Hi all, I'm feeling like a bit of a failure today because it seems like my real life support group has faded away. 

I first started going to a CODA group years ago and that was a great group for me.  Lots of good boundaries there and people who were willing to be introspective.  It naturally faded away when I started feeling better and realized I was much further along in healing than a lot of the newcomers.  Many of the people at my stage started moving away or stopped going, so I gave myself permission to help out more in my child's extra curricular activities.  The CODA structure made my transition out of it seem natural - there was no guilt or sadness about leaving.  That CODA group was a great basis for my launch into volunteering in other walks of life.
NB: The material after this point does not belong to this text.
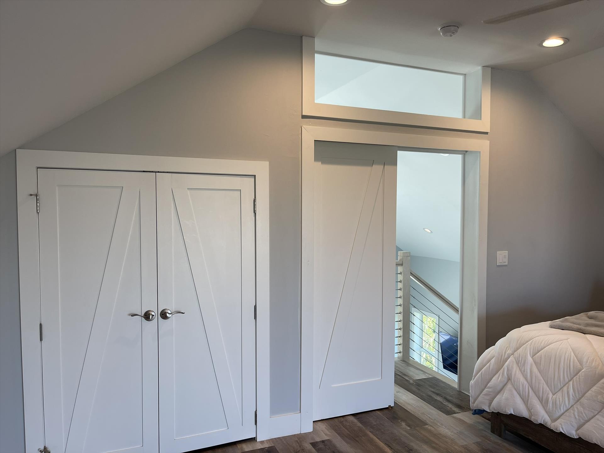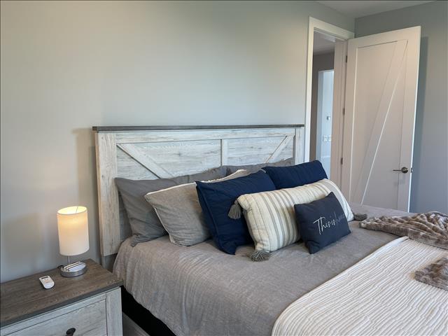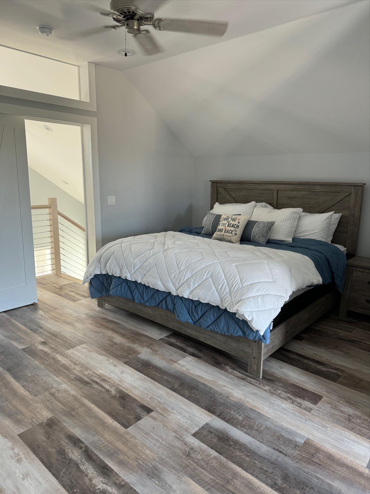 2nd Floor Loft - Huge Main Bedroom with King Bed, Nightstand, TV, Fan, Bureau and Closet. Walk out Back Yard Balcony. En Suite Full Bath with Sink, Toilet, and Tiled Shower.

A few years later, I had a nagging desire to try and make friends with women similar to me - in my age group & dealing with uNPD mothers.  The CODA structure isn't conducive to this, so I found a meetup that fit the description I was looking for.  I met some great ladies in that group, but the lack of structure caused some issues - for example, we did attract some folks who were very much against looking inwards and working on themselves.  Those same types started gossiping and pitting others against each other - sound familiar?  They relyied on the group as their only source of socializing and healing - they had a lot of hope that this group was going to be their answer, so enmeshment quickly followed.  That's when I started fading away and finding other things to do.  I still thought I was missing out on some good friendships, so I sometimes tried to keep in touch and go to meetups.   I found out that a lot of others had faded away just like me.  We did discuss some of the problems we saw, and tried hard not to diagnose or gossip, but some members were so toxic that we had to address it.  These days, I hear from some of those others who are not toxic, but they aren't as close as I had originally hoped.  We've all admitted to each other that its hard for us to continually remember our pasts while we sit and listen to others talk about their similar issues.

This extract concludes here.